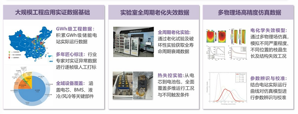 1)三位一体多元数据基座:针对故障样本稀缺的长尾分布难题,西清构建了“工程-实验-仿真”三位一体的数据基座:基于多年积累的GWh级储能电站实际运行数据,从海量数据中筛选异常样本,并进行专家级的人工标注;通过破坏性实验与老化实验获取极端故障与全生命周期老化失效数据;利用高精度多物理场仿真,模拟内短路等难以复现的故障。通过全方位交叉互补的数据基座,确保AI模型在工业场景下的有效性。
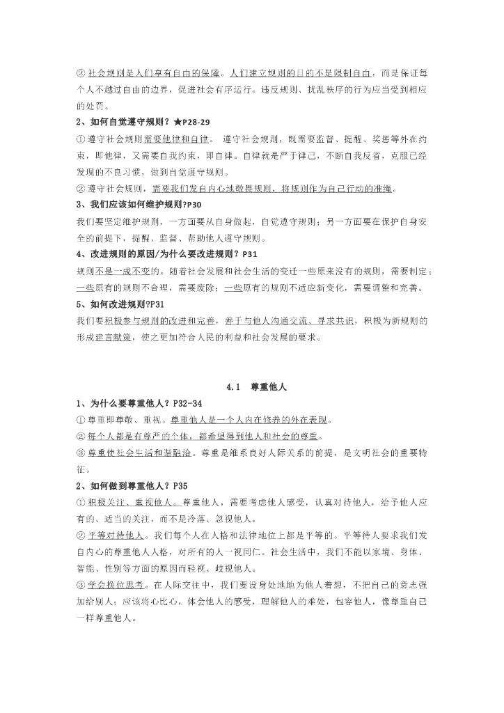 八年级上册道德与法制知识点汇总复习清单.doc
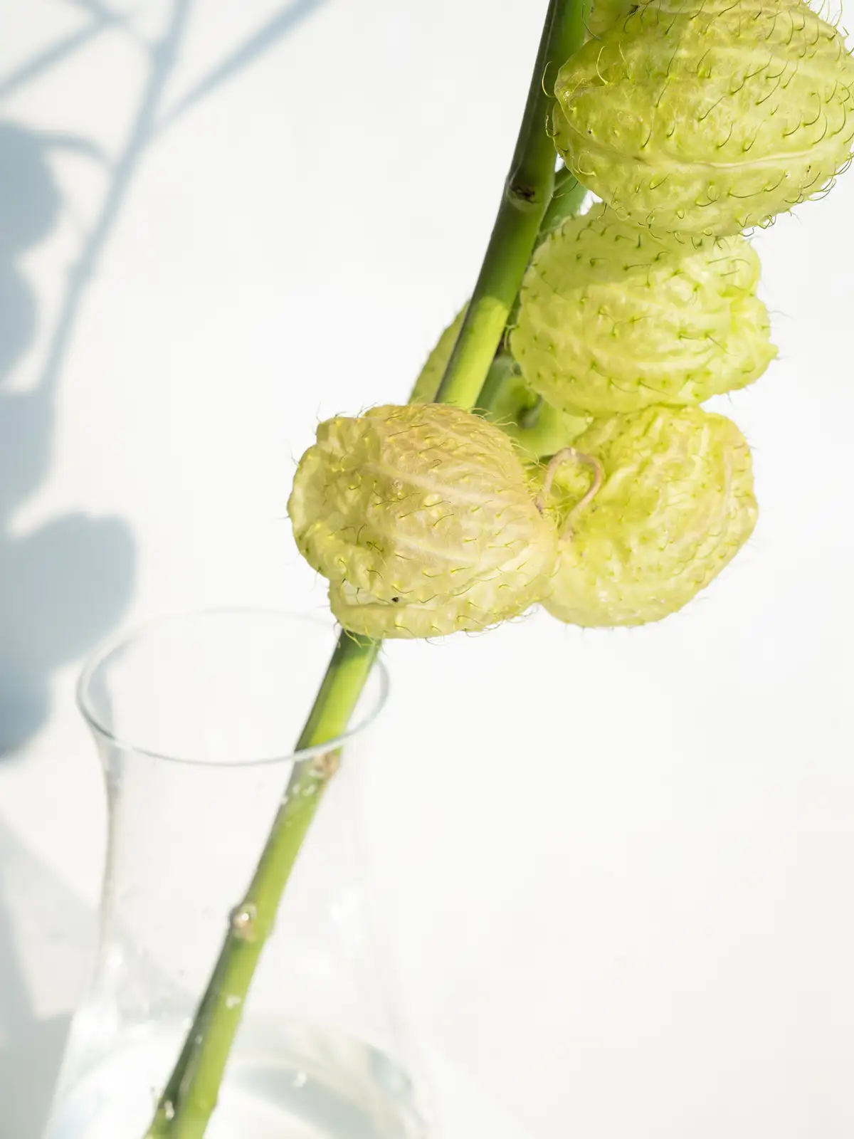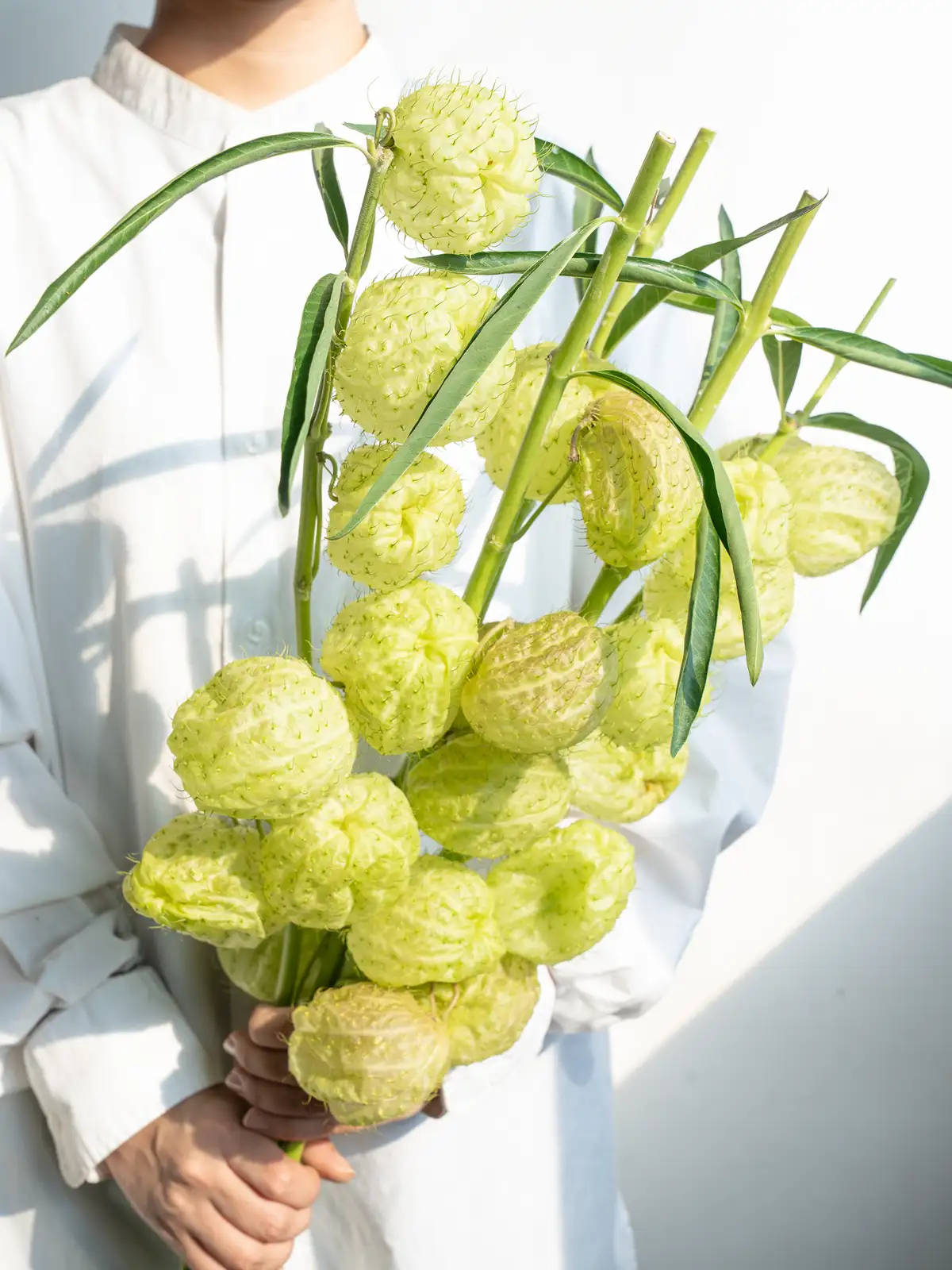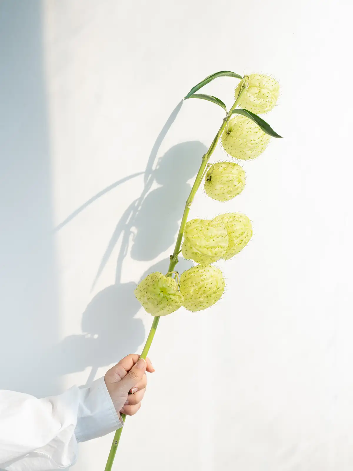 黄緑色~淡緑色の風船形の実(袋果)。4〜7cmほどの丸く膨らんだ実が特徴で、トゲ状の突起は柔らかく痛くありません。ドライにもなりやすく、秋の枝ものアレンジに個性を添えるアイテムです。

-.-.-

Exercise
Drop the images and copy all the data exactly.

Output
 1)三位一体多元数据基座:针对故障样本稀缺的长尾分布难题,西清构建了“工程-实验-仿真”三位一体的数据基座:基于多年积累的GWh级储能电站实际运行数据,从海量数据中筛选异常样本,并进行专家级的人工标注;通过破坏性实验与老化实验获取极端故障与全生命周期老化失效数据;利用高精度多物理场仿真,模拟内短路等难以复现的故障。通过全方位交叉互补的数据基座,确保AI模型在工业场景下的有效性。
 八年级上册道德与法制知识点汇总复习清单.doc
 黄緑色~淡緑色の風船形の実(袋果)。4〜7cmほどの丸く膨らんだ実が特徴で、トゲ状の突起は柔らかく痛くありません。ドライにもなりやすく、秋の枝ものアレンジに個性を添えるアイテムです。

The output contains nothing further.